STORRS, Conn. -- When you see junior Nico Darras pitch, it is a little unorthodox. Darras is a right-handed submarine pitcher, who at times will pitch a little more from a sidearm slot. The delivery is far from ordinary but it fits Darras' style.

Darras isn't afraid to be different, to take the path less traveled, in his mind it will still get him to the places he wants to go. In order to understand this you have to know Nico's story.

Darras grew up on the shores of the Pacific Ocean, in Laguna Beach, California. Once you meet Darras you instantly get that California vibe. Bringing up surf stories, using west coast vernacular, it's a clear giveaway of where Darras is from.

Darras played his high school ball at JSerra Catholic High School, a member of the Trinity League, one of the top athletic conferences in the country. There, Darras was one of the top baseball players in the state, earning numerous accolades.

"High school baseball in California was a cool experience, my high school coach Brett Kay, who was a Cal State Fullerton alum, ran it very similar to a college program," said Darras.



"I felt very prepared going into college, had a good footing in terms of what I was expected to do and what was expected of me.

"I was fortunate, I had a great group of kids around me that we were lucky to have a ton of scouts at each of our games," said Darras. "It was great being a two-time All-American but it wouldn't have happened if I didn't have a great group around me and a great coaching staff."

After graduating from JSerra, Darras went to one of the top baseball programs in the country, a school that was practically in his backyard, Cal State Fullerton. Darras played there his freshmen year before having to making a life changing decision.

"I know one day baseball will end and UConn has an unbelievable academic side that I really wanted to be a part of," said Darras.  "It was a really tough decision for me and my family. I moved away to UConn which was 3,000 miles from home. Everything I knew, I had to leave it behind but school is so important. I've been lucky enough to be on the honor roll twice in a row at UConn and to me academics are first. I'm a student-athlete in that order."

For Darras it was a leap of faith. He knew he wanted to go to a school like UConn that had such good academics but he couldn't take any action until he had left Fullerton. After leaving Fullerton it wasn't a guarantee that UConn would have a spot for him on the team.

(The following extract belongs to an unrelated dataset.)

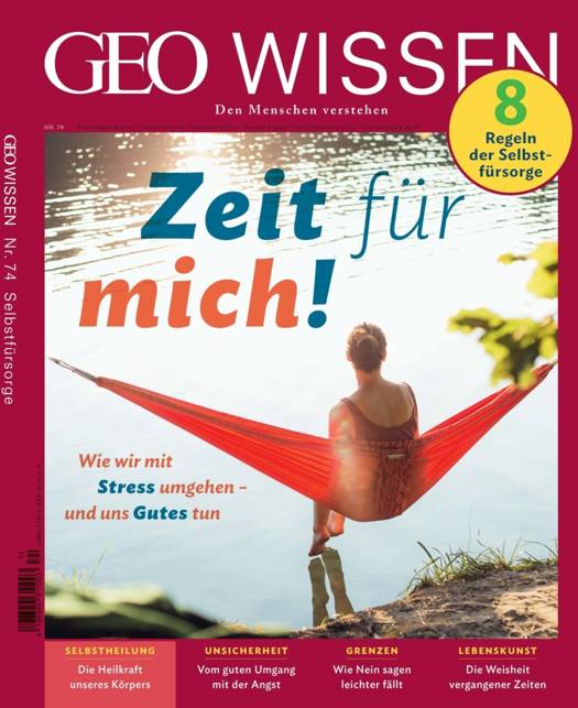Zeit für mich! Seit einigen Jahren ist der Begriff "Selbstfürsorge" weit verbreitet. Aber was ist eigentlich genau damit gemeint? GEO Wissen trägt Antworten zusammen, betrachtet das Thema in vielen Facetten und bietet Selbsttests sowie in einem Dossier acht Regeln für die Selbstfürsorge. Es kommen Expertinnen und Experten aus Wissenschaft und Therapie zu Wort, aus Coaching und Training. Neu ist die Idee also keineswegs. Doch für jede und jeden ist es immer wieder neu, sich auf den Weg zu machen - und die eigenen Gedanken und Gefühle ernst zu nehmen. Denn genau darum geht es in der Selbstfürsorge: Die eigenen Wünsche und Bedürfnisse auch einmal in den Mittelpunkt zu stellen, nicht nur die der Mitmenschen.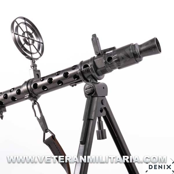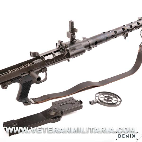 Reproducción de la ametralladora alemana MG34, fabricada en metal, culata de madera y cachas de plástico, con mecanismo simulador de carga y disparo, y bípode móvil, mira antiaérea y correa, la tapa del cajón se levanta,

"Literally I jumped off a cliff with no parachute and I was scared," said Darras. "I didn't know what was going to happen. Fortunately, Fullerton was sending me out to Mystic [Connecticut] for summer ball."

"When I got out here I loved Connecticut, loved the scenery, everything about it. Coach [MacDonald] was my first phone call, he had seen me play back when I played for a summer ball team in Long Island during high school, and I told him I would love to be a Husky, a few weeks later I signed."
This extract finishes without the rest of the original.